How 16, 8 and 4-bit floating point numbers work

Since the first edition of Kernighan and Ritchie and their C language book 50 years ago, it has been known that single-precision "float" types have a size of 32 bits and double-precision types have a size of 64 bits. There is also an 80-bit "long double" type with extended precision, and these types cover almost all your needs for floating-point data processing. But in recent years, especially with the rise of LLM this year, in order to reduce the storage and memory footprint of the model, developers have begun to shrink the floating point type as much as possible.

In this article, we will introduce the most popular floating point formats, create a simple neural network, and understand how it works.

"Standard" 32-bit floating point numbers

Let's review the standard format first. The IEEE 754 floating-point arithmetic standard was developed by IEEE in 1985. A typical number of 32 floats looks like this:

The first bit is a symbol, the next 8 bits represent an exponent, and the last bit represents the mantissa. The final value is calculated as:

We create a helper function to print floating point values ​​in binary form:

 import struct
 
 
 def print_float32(val: float):
     """ Print Float32 in a binary form """
     m = struct.unpack('I', struct.pack('f', val))[0]
     return format(m, 'b').zfill(32)
 
 
 print_float32(0.15625)
 
 # > 00111110001000000000000000000000 

Create another inverse transformation function, which will be useful later:

 def ieee_754_conversion(sign, exponent_raw, mantissa, exp_len=8, mant_len=23):
     """ Convert binary data into the floating point value """
     sign_mult = -1 if sign == 1 else 1
     exponent = exponent_raw - (2 ** (exp_len - 1) - 1)
     mant_mult = 1
     for b in range(mant_len - 1, -1, -1):
         if mantissa & (2 ** b):
             mant_mult += 1 / (2 ** (mant_len - b))
 
     return sign_mult * (2 ** exponent) * mant_mult
 
 
 ieee_754_conversion(0b0, 0b01111100, 0b01000000000000000000000)
 
 #> 0.15625

As a developer, you surely know that floating point types have limited accuracy, like this one:

 val = 3.14
 print(f"{val:.20f}")
 
 # > 3.14000000000000012434

In general, this isn't a big problem, but the fewer bits we have, the lower the accuracy we get.

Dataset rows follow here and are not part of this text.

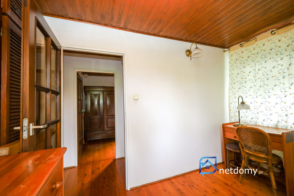 Na parterze znajduje się przestronny pokój dzienny z kominkiem oraz wyjściem na taras i ogród, kuchnia z pełnym wyposażeniem i zabytkową kuchnią kaflową, a także dodatkowe pomieszczenia gospodarcze, spiżarnia, pralnia oraz WC. Piętro oferuje trzy sypialnie, łazienkę, korytarz oraz strych użytkowy, który może zostać zaadaptowany na dodatkowy pokój lub biuro.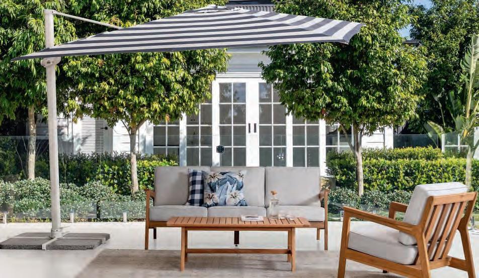 Bring a little of the European summer to your home with the navy and white Rialto 300-centimetre square cantilever umbrella. It’s from Domayne, Maroochydore Homemaker Centre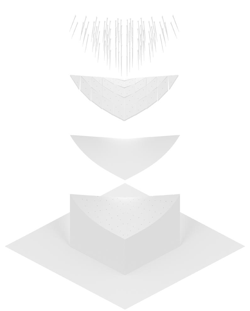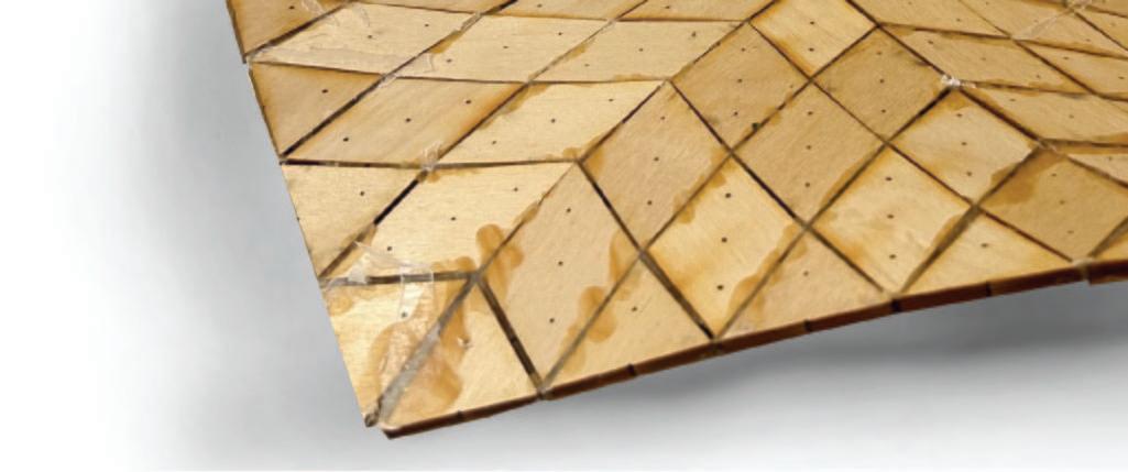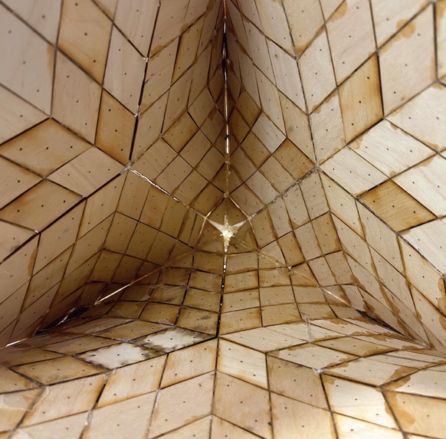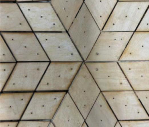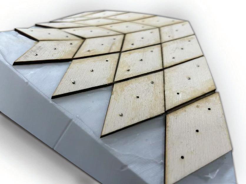 This studio focuses on exploring the representation of form and space through minimal surface geometries, with this semester’s emphasis on the Diamond Lattice structure. Our goal is to replicate the smooth, continuous surfaces designed in Grasshopper and Rhino using uniformly sized, tiled wooden panels. To achieve precise alignment, we incorporated three holes in each panel that match the dimensions of the pins used for positioning. We 3D-printed molds with corresponding holes for the pins, ensuring accurate placement of every tile. Additionally, laser-cut holes in the wooden tiles further guide the assembly process, minimizing errors and enhancing precision. A layer of wax paper is placed between the molds and the wooden panels. This layer allows pins to easily pass through while ensuring the panels can be easily removed from the mold after gluing. The molds are reusable, making the process efficient and sustainable.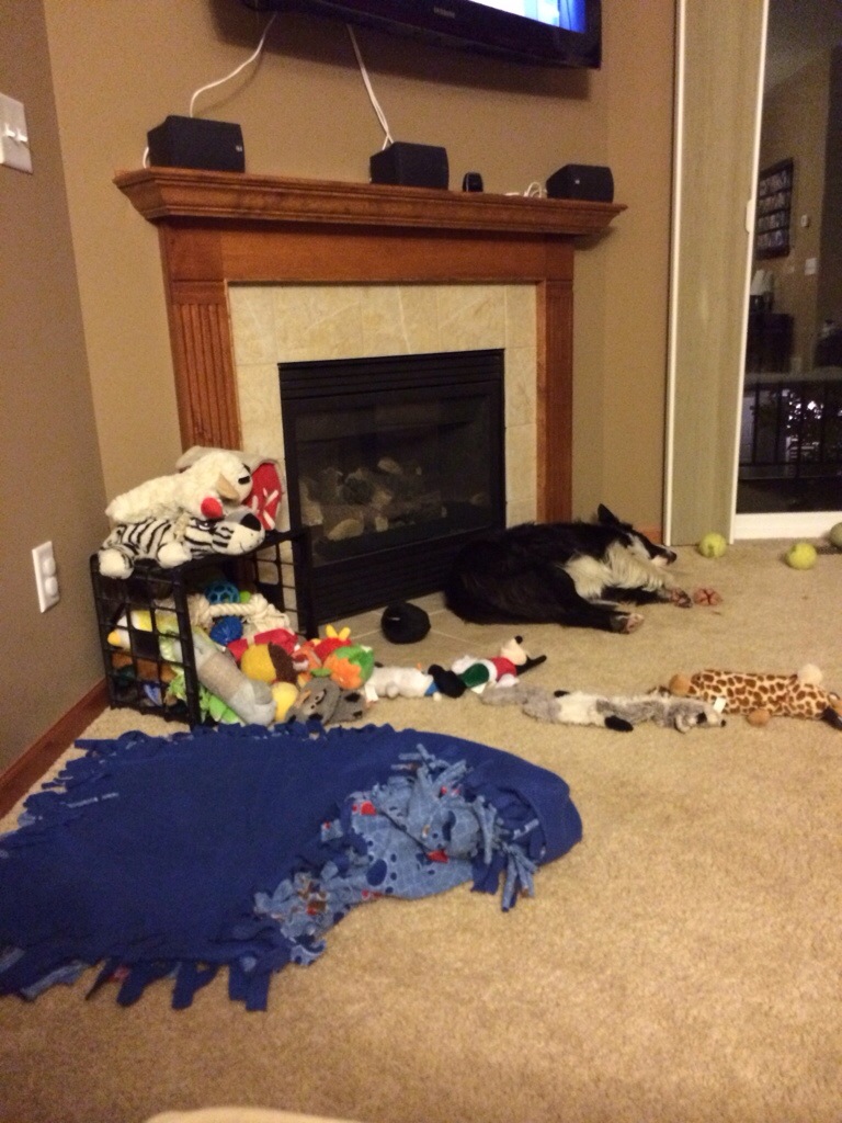 Pooch didn’t find it funny. Nor us continually cleaning up his horde. He just pulls it back out and then falls asleep.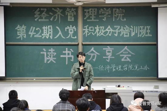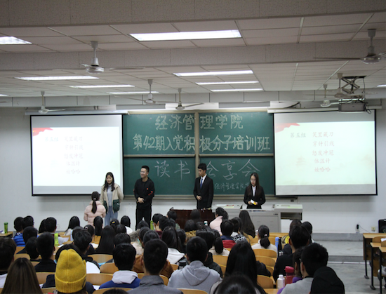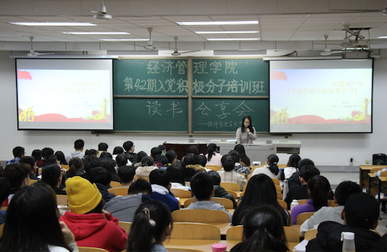 為深入學(xué)習(xí)黨的十九大精神,學(xué)好黨的知識,提高黨性修養(yǎng),同時(shí)豐富課余生活,陶冶情操,擴(kuò)展知識面,增加文化素養(yǎng),提高個(gè)人修養(yǎng),11月28-29日晚,由經(jīng)濟(jì)管理學(xué)院黨委主辦,學(xué)生黨建工作辦公室承辦的“書香校園建設(shè)”系列活動之“讀書分享會”于鄠邑校區(qū)教學(xué)A區(qū)139教室順利舉行,黨工辦學(xué)生干部、入黨積極分子200余人參加。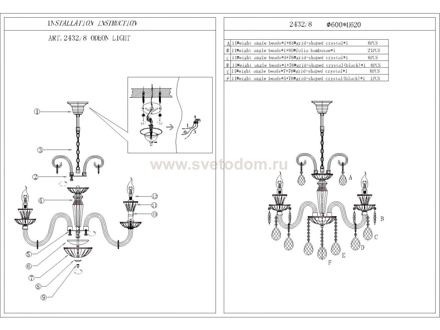 Хрустальный шедевр привнесёт особое благородство в домашний мир уюта и комфорта. Только представьте, насколько исключительным станет сияние Вашего интерьера, когда оно наполнится яркими лучами блеска во всём его великолепии. Подвесная люстра Odeon light 2432/8 – это настоящий подарок для ценителей роскошного света! Для этого постарались итальянские дизайнеры и мастера, которые придали каждому изгибу шедевра элегантные формы и грациозные изгибы, исполнив их в лаконичной чёрно-белой цветовой концепции. Престижный выбор в пользу хрустальной классики! Ваш интерьер станет отдельным миром элегантной эстетики, дарящей наслаждение головокружительной игрой блеска в роскошном обрамлении.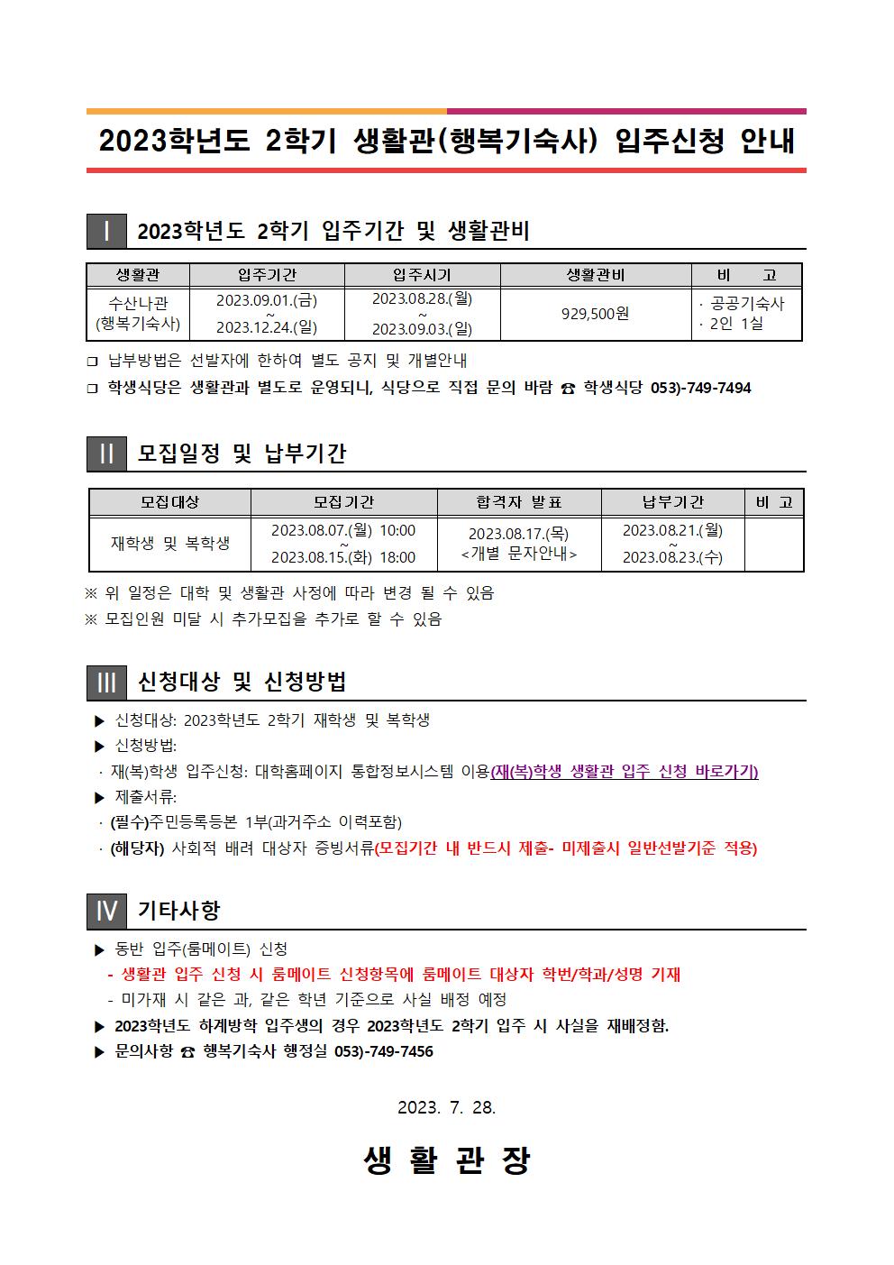 | 첨부파일 1 | 1.2023학년도 2학기 생활관(행복기숙사) 입주신청 안내문.hwp | ||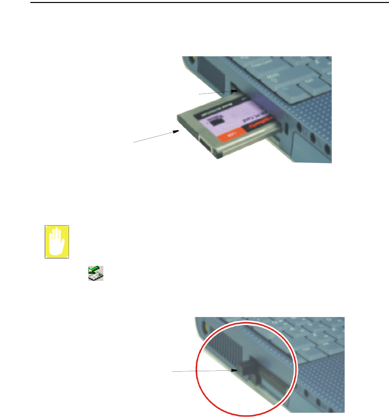 The eject button for the card slot operates in two steps, therefore to remove a PC Card: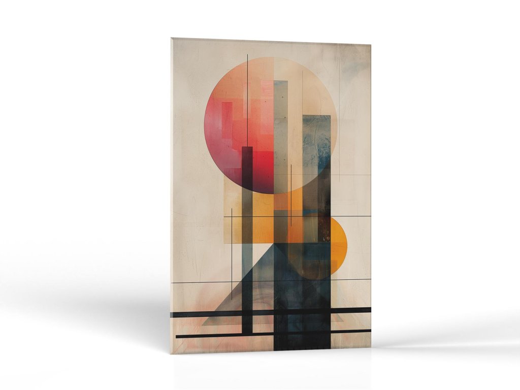 Tento abstraktný obraz kombinuje rôzne geometrické tvary, ako sú kruhy a obdĺžniky, v teplých odtieňoch červenej a oranžovej, ktoré kontrastujú so studenými odtieňmi modrej a šedej. Farby a tvary sa navzájom prelínajú a vytvárajú harmonickú kompozíciu plnú vizuálneho záujmu. Línie a textúry dodávajú obrazu dynamiku a hĺbku, čím podnecujú divákovu predstavivosť a interpretáciu.

16-bit floating point number

There was not much demand for this format in the early days, and it was not until 2008 that the 16-bit floating point type was added to the IEEE 754 standard. It has a sign bit, 5 exponent bits and 10 mantissa (fraction) bits:

Its conversion logic is the same as that of 32-bit floating point numbers, but with lower precision. Print a 16-bit floating point number in binary form:

 import numpy as np
 
 
 def print_float16(val: float):
     """ Print Float16 in a binary form """
     m = struct.unpack('H', struct.pack('e', np.float16(val)))[0]
     return format(m, 'b').zfill(16)
 
 print_float16(3.14)
 
 # > 0100001001001000

Using the method we used before, we can do the reverse transformation:

 ieee_754_conversion(0, 0b10000, 0b1001001000, exp_len=5, mant_len=10)
 
 # > 3.140625

We can also find the maximum value that can be represented in Float16:

 ieee_754_conversion(0, 0b11110, 0b1111111111, exp_len=5, mant_len=10)
 
 #> 65504.0

0b11110 is used here because in the IEEE 754 standard, 0b11111 is reserved for "infinity". In the same way, you can also find the possible minimum value:

 ieee_754_conversion(0, 0b00001, 0b0000000000, exp_len=5, mant_len=10)
 
 #> 0.00006104

For most developers, types like this are "uncharted territory" because there are no standard 16-bit floating point types in C++.

16-bit " bfloat " (BFP16)

This floating-point format was developed by a team at Google specifically designed for machine learning (the "B" in the name also stands for "brain"). This type is a modification of "standard" 16-bit floating point: the exponent is expanded to 8 bits, so the dynamic range of "bfloat16" is effectively the same as float-32. But the size of the mantissa is reduced to 7 bits:

Let's do a similar calculation as before:

 ieee_754_conversion(0, 0b10000000, 0b1001001, exp_len=8, mant_len=7)
 
 #> 3.140625

You can see that the bfloat16 format has a wider range due to the larger exponent:

 ieee_754_conversion(0, 0b11111110, 0b1111111, exp_len=8, mant_len=7)
 
 #> 3.3895313892515355e+38

This is much better than 65504.0 in the previous example, but as mentioned before: bfloat16 is less precise because there are fewer digits in the mantissa. You can test both types in Tensorflow:

 import tensorflow as tf
 
 
 print(f"{tf.constant(1.2, dtype=tf.float16).numpy().item():.12f}")
 
 # > 1.200195312500
 
 print(f"{tf.constant(1.2, dtype=tf.bfloat16).numpy().item():.12f}")
 
 # > 1.203125000000

8-bit floating point (FP8)

This (relatively new) format was proposed in 2022 and was also created for machine learning - as models get larger, getting them into GPU memory is a challenge. There are two variants of the FP8 format: E4M3 (4-bit exponent and 3-bit mantissa) and E5M2 (5-bit exponent and 2-bit mantissa).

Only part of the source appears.